Work to be completed:
From the line that holds "Star inspired holder" down to the last line of the listing below, reproduce each line exactly and nothing more, omitting pictures.

Provided material:

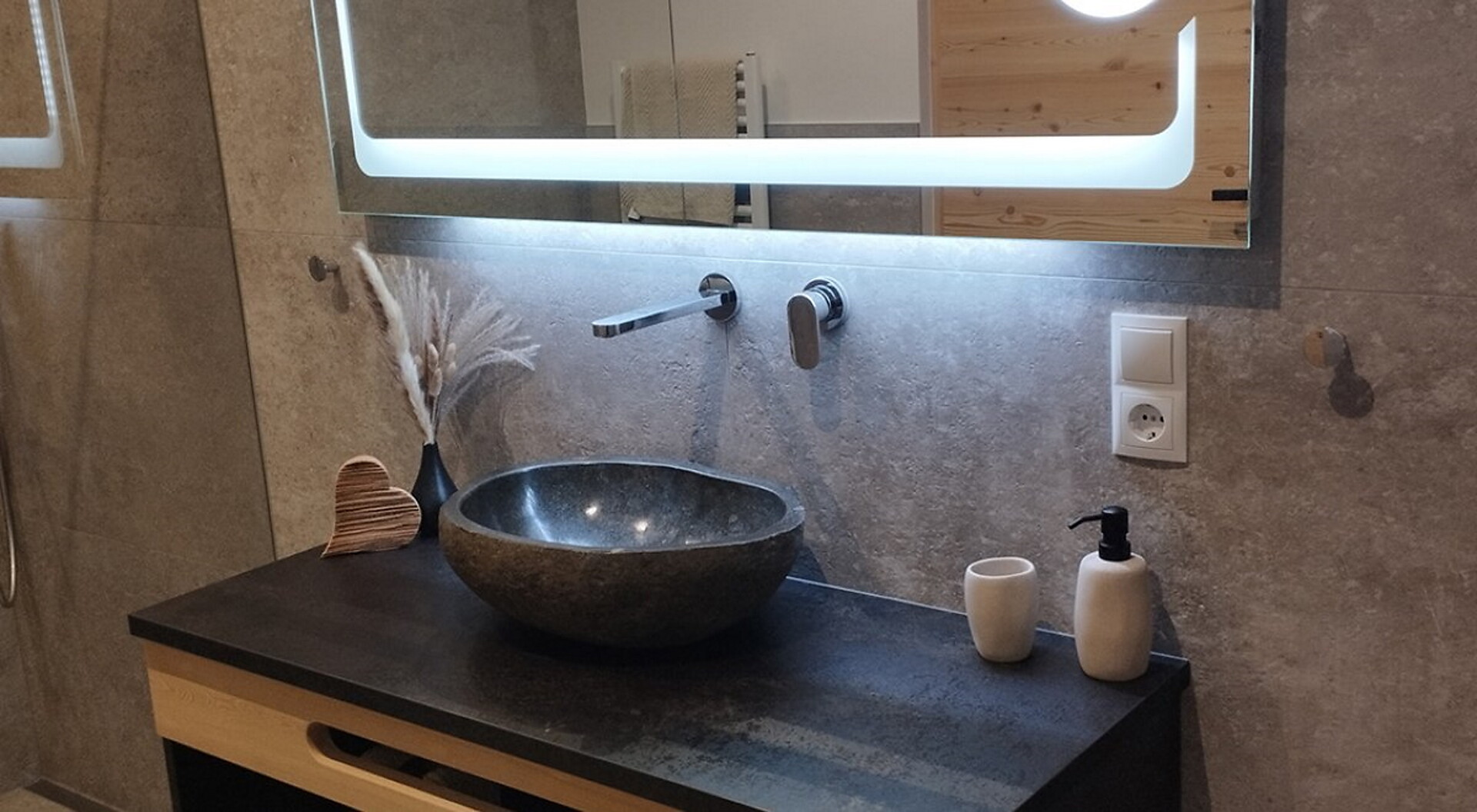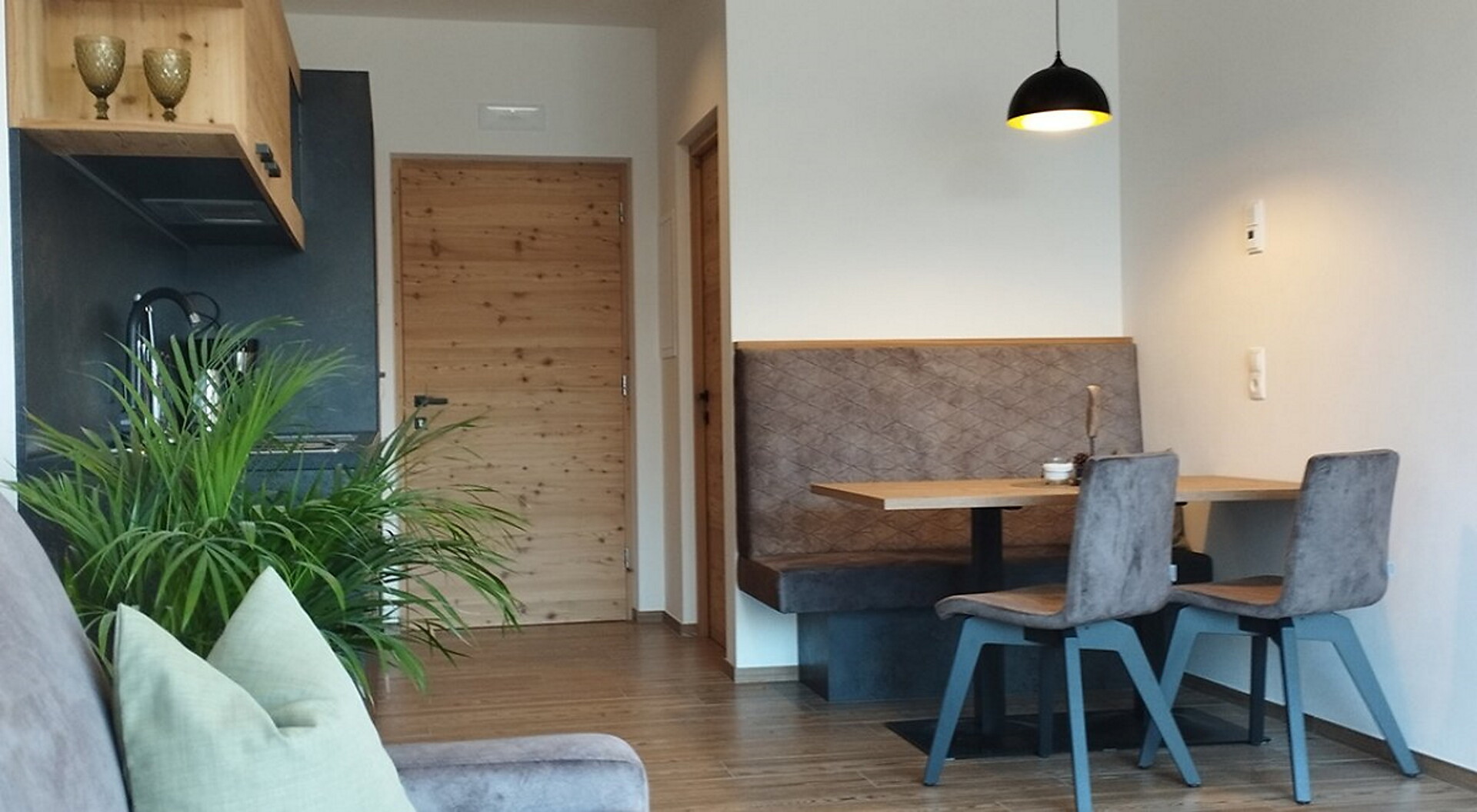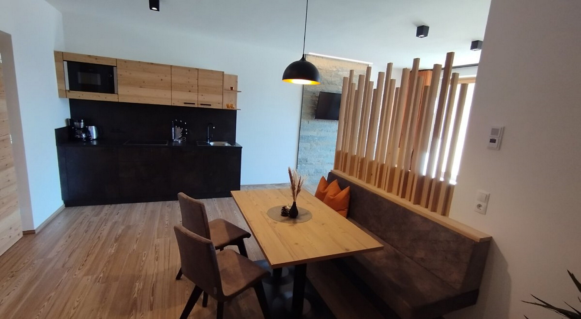 Elegantly and comfortably furnished, our unique Alpine-style lodges convey a pure connection to nature and a cosy, homey feeling. Charming rooms, characterised by loving wooden details, provide a pleasant holiday flair. A fully equipped kitchen rounds off your stay perfectly. As an absolute highlight, our guests enjoy their own small private terrace in their lodge, covered and adjacent to a separate sunbathing lawn.
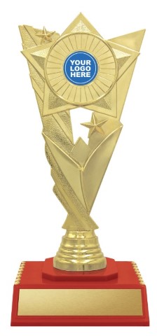 Star inspired holder on red bases to showcase your custom or club logo. You can change the colour of the base to suit your particular awards.
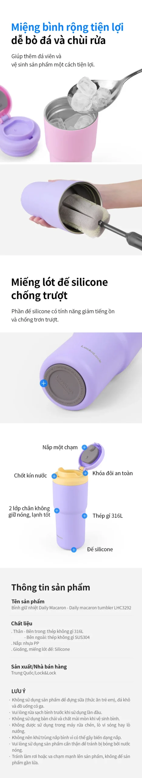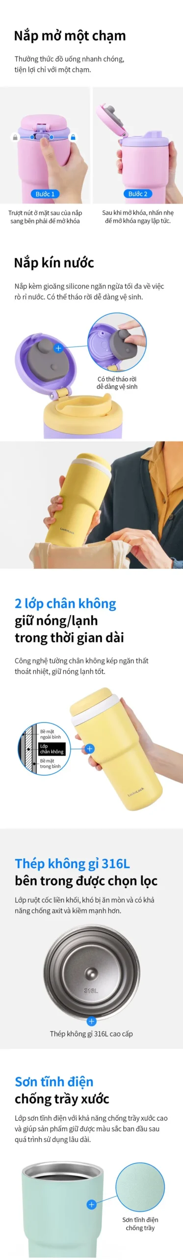 Bình giữ nhiệt LocknLock Daily Macaron Tumbler 480ml – LHC3292 mang đến phong cách trẻ trung, năng động với 6 màu sắc nổi bật: Xanh, Tím, Hồng, Vàng, Ngà SH1 và Ngà SH2. Thiết kế nhỏ gọn, hiện đại, phù hợp mang theo khi đi học, đi làm, dã ngoại hay tập luyện thể thao.
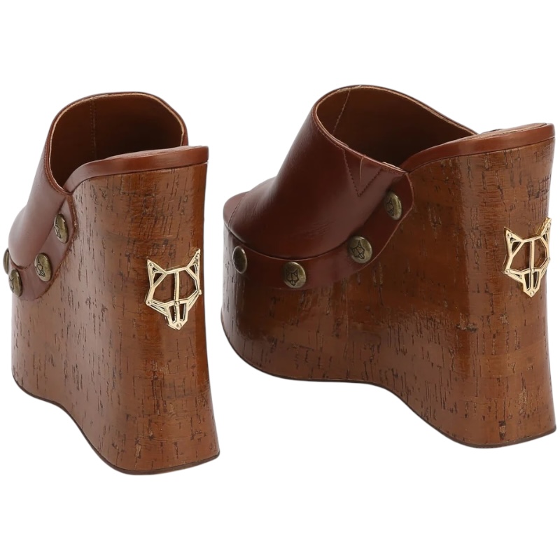 Наш новый клиновидный каблук-сабо с открытым носком — идеальное дополнение к любому летнему образу. Верх этих мюлей выполнен из высококачественной итальянской кожи класса люкс. Платформа обернута блестящей пробковой оберткой со знаменитой табличкой в виде головы волка на пятке.
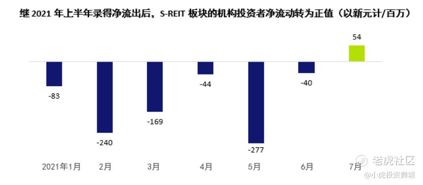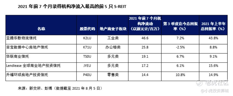亚腾乐歌物流信托(+4,670万新元)、吉宝数据中心房地产信托(+2,580万新元)、华联商业信托(+1,910万新元)、Lendlease全球商业地产投资信托(+1,720万新元)和升禧环球房地产投资信托(+1,440万新元)是2021年前7个月录得机构净流入最高的前5只S-REIT。
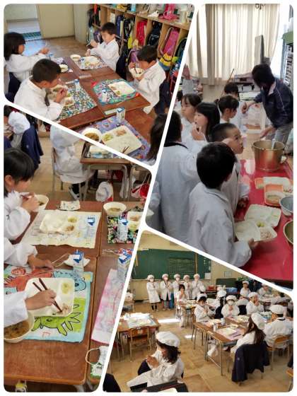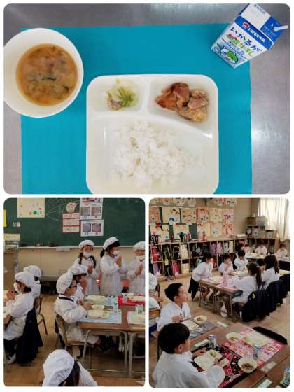 今日の給食は、鶏肉のしょうゆマヨネーズ焼き、なめこのみそ汁、キャベツのいためもの、ご飯、牛乳でした。鶏肉のしょうゆマヨネーズ焼きは、マヨネーズ味が子ども達に好評でした。なめこのみそ汁は、なめこのつるっとした食感がよく、おいしくいただけました(*^^)v

Written solution:
 Star inspired holder on red bases to showcase your custom or club logo. You can change the colour of the base to suit your particular awards.
 Bình giữ nhiệt LocknLock Daily Macaron Tumbler 480ml – LHC3292 mang đến phong cách trẻ trung, năng động với 6 màu sắc nổi bật: Xanh, Tím, Hồng, Vàng, Ngà SH1 và Ngà SH2. Thiết kế nhỏ gọn, hiện đại, phù hợp mang theo khi đi học, đi làm, dã ngoại hay tập luyện thể thao.
 Наш новый клиновидный каблук-сабо с открытым носком — идеальное дополнение к любому летнему образу. Верх этих мюлей выполнен из высококачественной итальянской кожи класса люкс. Платформа обернута блестящей пробковой оберткой со знаменитой табличкой в виде головы волка на пятке.
亚腾乐歌物流信托(+4,670万新元)、吉宝数据中心房地产信托(+2,580万新元)、华联商业信托(+1,910万新元)、Lendlease全球商业地产投资信托(+1,720万新元)和升禧环球房地产投资信托(+1,440万新元)是2021年前7个月录得机构净流入最高的前5只S-REIT。
 今日の給食は、鶏肉のしょうゆマヨネーズ焼き、なめこのみそ汁、キャベツのいためもの、ご飯、牛乳でした。鶏肉のしょうゆマヨネーズ焼きは、マヨネーズ味が子ども達に好評でした。なめこのみそ汁は、なめこのつるっとした食感がよく、おいしくいただけました(*^^)v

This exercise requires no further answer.